"As long as you live in my house, you will do as I say"--perhaps every Christian child has heard such a thing at some point. This statement is used to deter children from doing everything from using profanity to wearing bikinis to watching whatever movies their parents are subjectively uncomfortable with. The restrictions themselves are always arbitrary, and many parents who endorse this type of fallacious command would almost never truly be consistent if they saw other parents use it in inverse ways.
What if parents forced their children to use profanity, wear revealing clothing, and view movies with graphic violence? The phrase "My house, my rules" would probably not be regarded the same way all of the sudden! The same fathers and mothers who would pretend like they can impose legalistic restrictions on their children in the name of personal preference would almost certainly say that the other parents are in moral error for making their kids do such things in the name of preference!
In both cases, the parents have erred and have actually sinned by violating the command of Deuteronomy 4:2; both kinds of parents have prohibited other people from living as they please where their actions are neither sinful nor obligatory.

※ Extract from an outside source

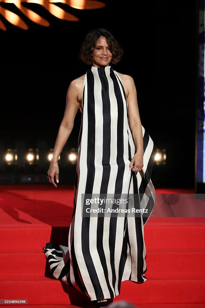 برزت هالي بيري بفستان خرج عن المألوف من حيث القَصّة والنقشة. تصميم مقلّم بالأسود والأبيض، بقَصّة غير متماثلة عند الياقة وانسيابية مقصودة، أظهر كيف يمكن تحوّلاً غير متوقع أن يصبح فرصة للأناقة.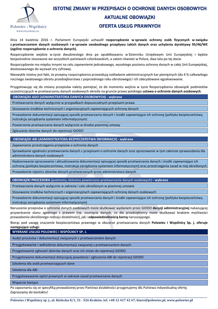ISTOTNE ZMIANY W PRZEPISACH O OCHRONIE DANYCH OSOBOWYCH AKTUALNE OBOWIĄZKI OFERTA USŁUG PRAWNYCH Dnia 14 kwietnia 2016 r. Parlament Europejski uchwalił rozporządzenie w sprawie ochrony osób fizycznych w związku z przetwarzaniem danych osobowych i w sprawie swobodnego przepływu takich danych oraz uchylenia dyrektywy 95/46/WE (ogólne rozporządzenie o ochronie danych). Rozporządzenie wejdzie w życie dwudziestego dnia po opublikowaniu w Dzienniku Urzędowym Unii Europejskiej i będzie bezpośrednio stosowane we wszystkich państwach członkowskich, a zatem również w Polsce, dwa lata po tej dacie. Rozporządzenie ma między innymi na celu zapewnienie jednakowego, wysokiego poziomu ochrony danych w całej Unii Europejskiej, dostosowanego do wyzwań ery cyfrowej. Niezwykle istotny jest fakt, że przepisy rozporządzenia przewidują nakładanie administracyjnych kar pieniężnych (do 4 % całkowitego rocznego światowego obrotu przedsiębiorstwa z poprzedniego roku obrotowego) i ich zdecydowane egzekwowanie. Przygotowując się do zmiany przepisów należy pamiętać, że do momentu wejścia w życie Rozporządzenia obowiązki podmiotów uczestniczących w przetwarzaniu danych osobowych określa na gruncie prawa polskiego ustawa o ochronie danych osobowych. OBOWIĄZKI ADO (ADMINISTRATORA DANYCH OSOBOWYCH) - wybrane Przetwarzanie danych wyłącznie w przypadkach dopuszczalnych przepisami prawa Stosowanie środków technicznych i organizacyjnych zapewniających ochronę danych Prowadzenie dokumentacji opisującej sposób przetwarzania danych i środki zapewniające ich ochronę (polityka bezpieczeństwa, instrukcja zarządzania systemem informatycznym) Powierzenie przetwarzania danych wyłącznie w drodze pisemnej umowy Zgłaszanie zbiorów danych do rejestracji GIODO OBOWIĄZKI ABI (ADMINISTRATORA BEZPIECZEŃSTWA INFORMACJI) - wybrane Zapewnianie przestrzegania przepisów o ochronie danych Sprawdzanie zgodności przetwarzania danych z przepisami o ochronie danych oraz opracowanie w tym zakresie sprawozdania dla administratora danych osobowych Nadzorowanie opracowania i aktualizowania dokumentacji opisującej sposób przetwarzania danych i środki zapewniające ich ochronę (polityka bezpieczeństwa, instrukcja zarządzania systemem informatycznym) oraz przestrzegania zasad w niej określonych Prowadzenie rejestru zbiorów danych przetwarzanych przez administratora danych OBOWIĄZKI PROCESORA (podmiotu, któremu powierzono przetwarzanie danych osobowych) - wybrane Przetwarzanie danych wyłącznie w zakresie i celu określonym w pisemnej umowie Stosowanie środków technicznych i organizacyjnych zapewniających ochronę danych osobowych Prowadzenie dokumentacji opisującej sposób przetwarzania danych i środki zapewniające ich ochronę (polityka bezpieczeństwa, instrukcja zarządzania systemem informatycznym) Naruszenie przepisów o ochronie danych osobowych może skutkować wydaniem przez GIODO decyzji administracyjnej nakazującej przywrócenie stanu zgodnego z prawem (np. usunięcia danych, co dla przedsiębiorcy może skutkować brakiem możliwości prowadzenia określonego rodzaju działalności), jak i odpowiedzialnością karną naruszającego. Biorąc pod uwagę znaczenie bezpieczeństwa prawnego w obszarze przetwarzania danych Polowiec i Wspólnicy Sp. j. oferuje następujące usługi: WYBRANE USŁUGI POLOWIEC I WSPÓLNICY SP. J. Audyt procesów i dokumentacji związanych z przetwarzaniem danych Przygotowanie i wdrożenie dokumentacji związanej z przetwarzaniem danych Przygotowanie zgłoszeń zbiorów danych oraz ich zmian do rejestracji GIODO Przygotowanie dokumentacji dotyczącej powołania i zgłoszenia ABI do rejestracji GIODO Szkolenia dla osób przetwarzających dane Szkolenia dla ABI Przygotowywanie opinii prawnych w zakresie zasad przetwarzania danych Wsparcie bieżące Po zapoznaniu się ze specyfiką prowadzonej przez Państwa działalności przygotujemy dla Państwa indywidualną ofertę. Zapraszamy do kontaktu! _________________________________________________________________________________________________________________________________________________________________ Polowiec i Wspólnicy sp. j., ul. Kielecka 8/1, 31 - 526 Kraków, tel. +48 12 417 42 67, [email protected], www.polowiec.pl

This is the exact nature of legalism: the treatment of something amoral or innocent as if it is immoral is inherently legalistic.
The ironic thing about conservative Christian parents is that they often appeal to their own preferences when telling children not to engage in certain activities, when they might condemn other parents for making their own respective children do the opposite. Legalism is always irrational and Biblically invalid. However, parents who hold these double standards are hypocrites in addition to be legalists and egoists.
As long as children can handle them with intellectual and spiritual maturity, there is no such thing as a legitimate basis for restricting them from nonsinful activities. If a thing is not evil, parents have no right to pretend like it is. It is impossible, after all, to have a right to enforce an unsound or illegitimate rule in the first place. Evangelical parents tend to only selectively admit this at most, instead acting like they dictate morality in the exact ways they might condemn if they observe someone else doing the same.